WORK ITEM
Could you write out every record below exactly, leaving the pictures out?

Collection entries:
>>>>

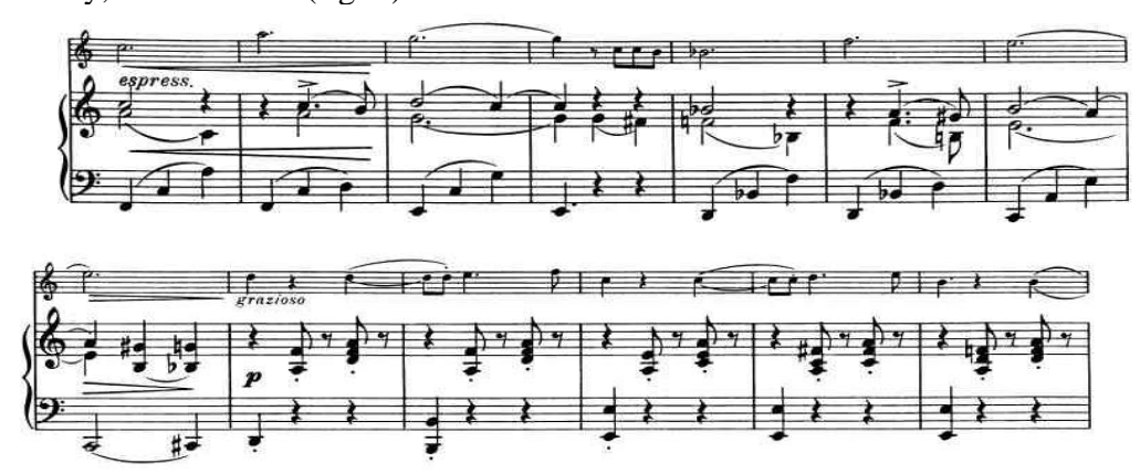
Fig. 5 Fritz Kreisler, Liebesleid op. 11 nr. 2, mm. 33-45

The miniature continues with a new structure, which takes us to the area of the subdominant, F Major - D Minor, in order to cadence again to the base tonality, i.e. to Minor (fig. 5).
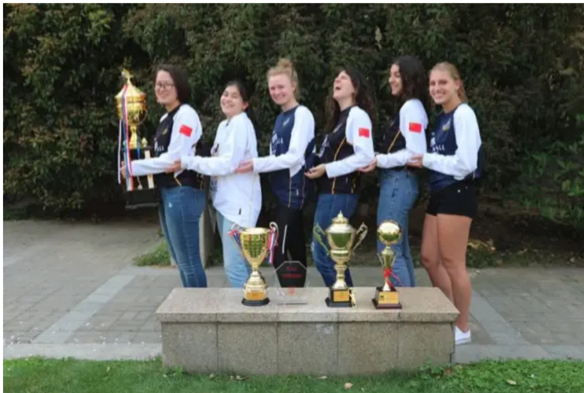
Senior Girls with all their sportmanship trophies they have won over their 4 years of ACAMIS
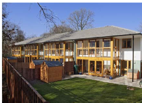
Affordable housing using passive solar energy and rainwater harvesting at Beaufighter Road, West Malling, Kent (Architects: Fry Drew Knight Creamer Architects)

75. In accordance with the EcoSE Manifesto the City Council expects, in all cases, the affordable housing to meet EcoHomes 2 Standard 'Excellent' and Energy Efficiency Best Practice 3 specifications for insulation, heating system efficiency and lighting. This should be confirmed in the planning application or accompanying documents.
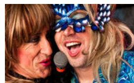
CuriousJosh: Venice Carnevale
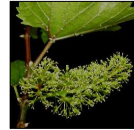
Fig. 1: Resilient new cultivars e.g. Calardis blanc
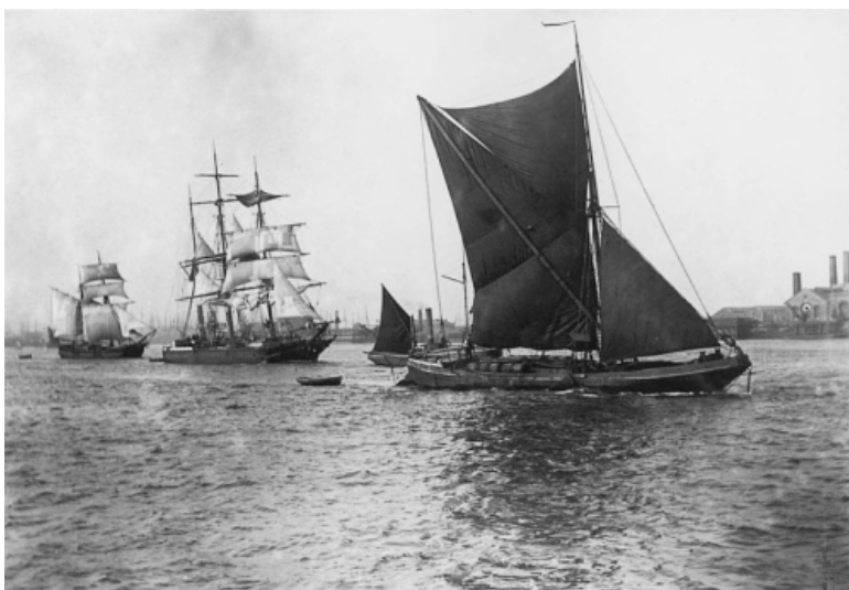
Image of late 18th/early 19th century sailing ship on the River Thames.
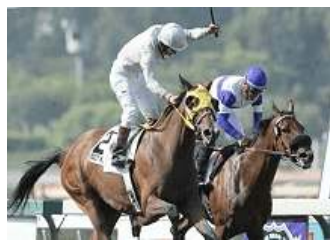
Got Koko besting Elloluv in the Lady's Secret

Distaff hopefuls Got Koko (Signal Tap) and Elloluv (Gilded Time) worked yesterday at Santa Anita. The
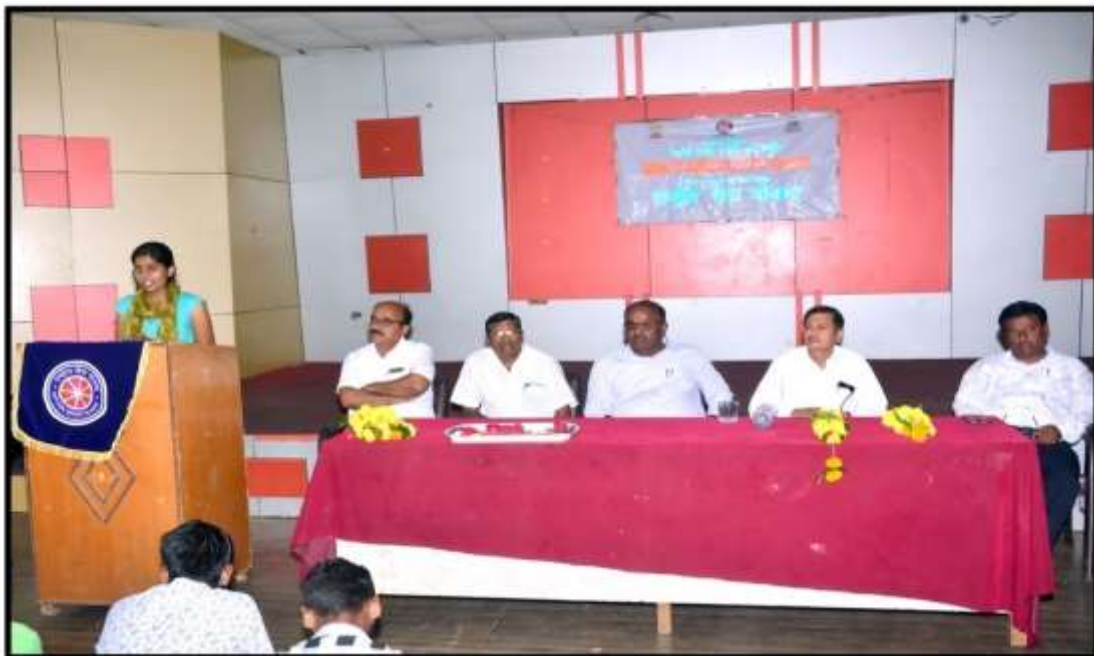
GIRL STUDENT SPEECH ON THE OCCASSION OF TEACHER'S DAY
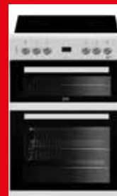
Beko 60cm Ceramic Double Oven Cooker (also available in black) Free install when you mention this advert

NEW - Many more clearance items in stock - NEW Washing Machines from £179.99 with 2 year guarantee Fridges from £109.99 with 2 years guarantee Freezers from £119.99 with 2 years guarantee Cookers from with 2 years guarantee Fridge/Freezers from £169.99 with 2 years guarantee
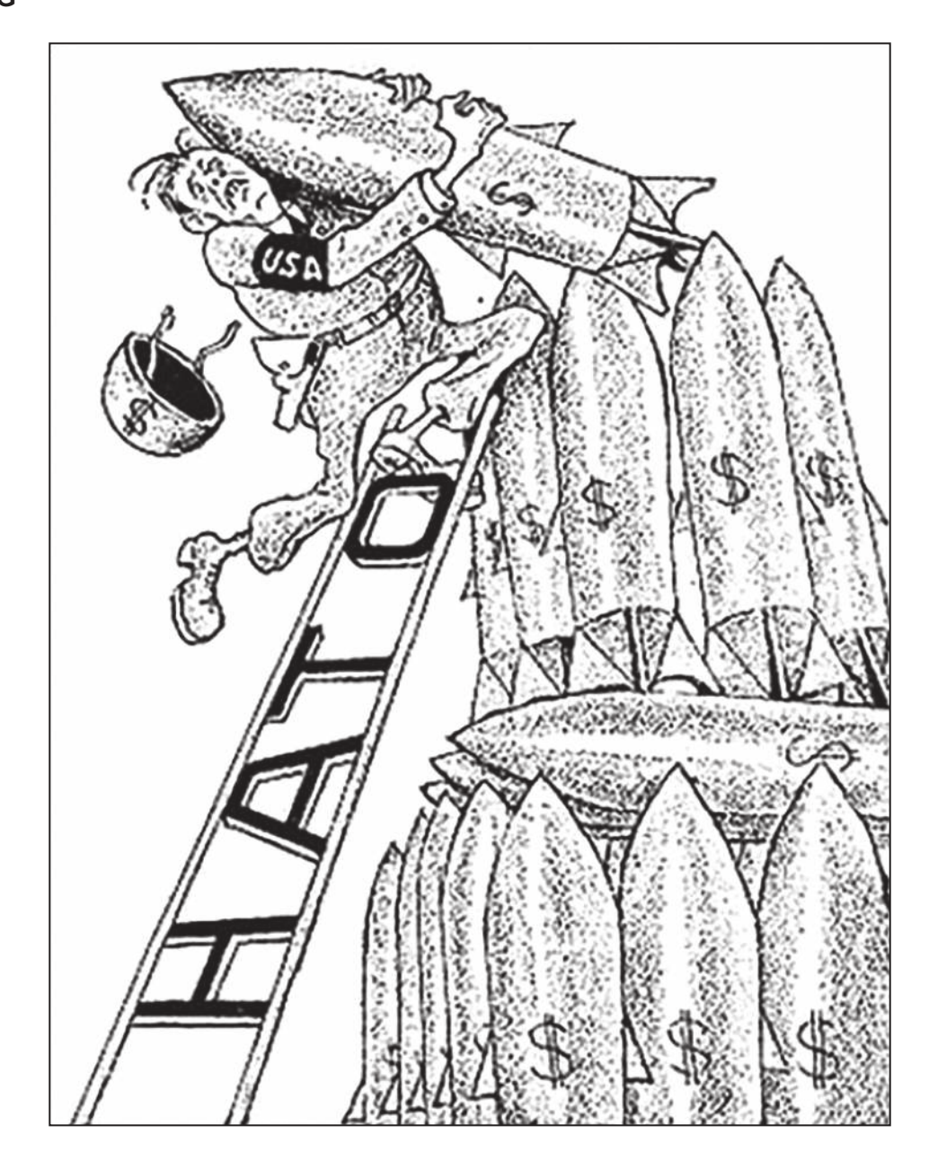
A cartoon published in the Soviet Union in 1949. The word on the ladder is 'NATO'.
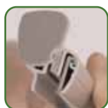
Universal grippa/adhesive Top rail
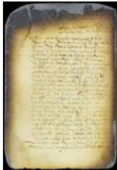
Petition of the town of Midwout (Flatbush) for a grant of a valley adjoining their village (NYSA_A1809-78_V09_0489)
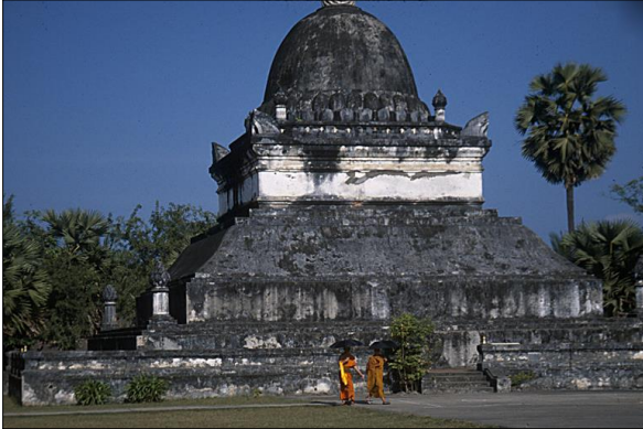
Wat Wisunalat, Luang Prabang

Come join the Society for Asian Art as we explore the art and culture of the 21 st century and of centuries past in Laos and Vietnam. Contrasts between old and new, past and present are seen throughout Southeast Asia, but are most strikingly evident in these two fascinating countries. On one day in Vietnam, we will be very much in the present as we dine with local professionals in their private homes discussing the art and culture of today. On another day, we will transport ourselves back to 192 AD and the kingdom of Chama as we explore the Cham temple ruins. The journey between past and present continues all the way to the magical Laotian city of Luang Prabang situated between the Mekong and Nam Khan Rivers. Here you will see beautiful textiles made using techniques that have remained the same over the centuries. You will also have the opportunity to dine at a variety of restaurants with cuisine rivaling the menus in any of today's major cities. The SAA is proud to offer this specially crafted journey to Vietnam and Laos giving you the opportunity to immerse yourself in their cultures, their histories and their ideas.

<<<<

TASK SOLUTION
Fig. 5 Fritz Kreisler, Liebesleid op. 11 nr. 2, mm. 33-45

The miniature continues with a new structure, which takes us to the area of the subdominant, F Major - D Minor, in order to cadence again to the base tonality, i.e. to Minor (fig. 5).
Senior Girls with all their sportmanship trophies they have won over their 4 years of ACAMIS
Affordable housing using passive solar energy and rainwater harvesting at Beaufighter Road, West Malling, Kent (Architects: Fry Drew Knight Creamer Architects)

75. In accordance with the EcoSE Manifesto the City Council expects, in all cases, the affordable housing to meet EcoHomes 2 Standard 'Excellent' and Energy Efficiency Best Practice 3 specifications for insulation, heating system efficiency and lighting. This should be confirmed in the planning application or accompanying documents.
CuriousJosh: Venice Carnevale
Fig. 1: Resilient new cultivars e.g. Calardis blanc
Image of late 18th/early 19th century sailing ship on the River Thames.
Got Koko besting Elloluv in the Lady's Secret

Distaff hopefuls Got Koko (Signal Tap) and Elloluv (Gilded Time) worked yesterday at Santa Anita. The
GIRL STUDENT SPEECH ON THE OCCASSION OF TEACHER'S DAY
Beko 60cm Ceramic Double Oven Cooker (also available in black) Free install when you mention this advert

NEW - Many more clearance items in stock - NEW Washing Machines from £179.99 with 2 year guarantee Fridges from £109.99 with 2 years guarantee Freezers from £119.99 with 2 years guarantee Cookers from with 2 years guarantee Fridge/Freezers from £169.99 with 2 years guarantee
A cartoon published in the Soviet Union in 1949. The word on the ladder is 'NATO'.
Universal grippa/adhesive Top rail
Petition of the town of Midwout (Flatbush) for a grant of a valley adjoining their village (NYSA_A1809-78_V09_0489)
Wat Wisunalat, Luang Prabang

Come join the Society for Asian Art as we explore the art and culture of the 21 st century and of centuries past in Laos and Vietnam. Contrasts between old and new, past and present are seen throughout Southeast Asia, but are most strikingly evident in these two fascinating countries. On one day in Vietnam, we will be very much in the present as we dine with local professionals in their private homes discussing the art and culture of today. On another day, we will transport ourselves back to 192 AD and the kingdom of Chama as we explore the Cham temple ruins. The journey between past and present continues all the way to the magical Laotian city of Luang Prabang situated between the Mekong and Nam Khan Rivers. Here you will see beautiful textiles made using techniques that have remained the same over the centuries. You will also have the opportunity to dine at a variety of restaurants with cuisine rivaling the menus in any of today's major cities. The SAA is proud to offer this specially crafted journey to Vietnam and Laos giving you the opportunity to immerse yourself in their cultures, their histories and their ideas.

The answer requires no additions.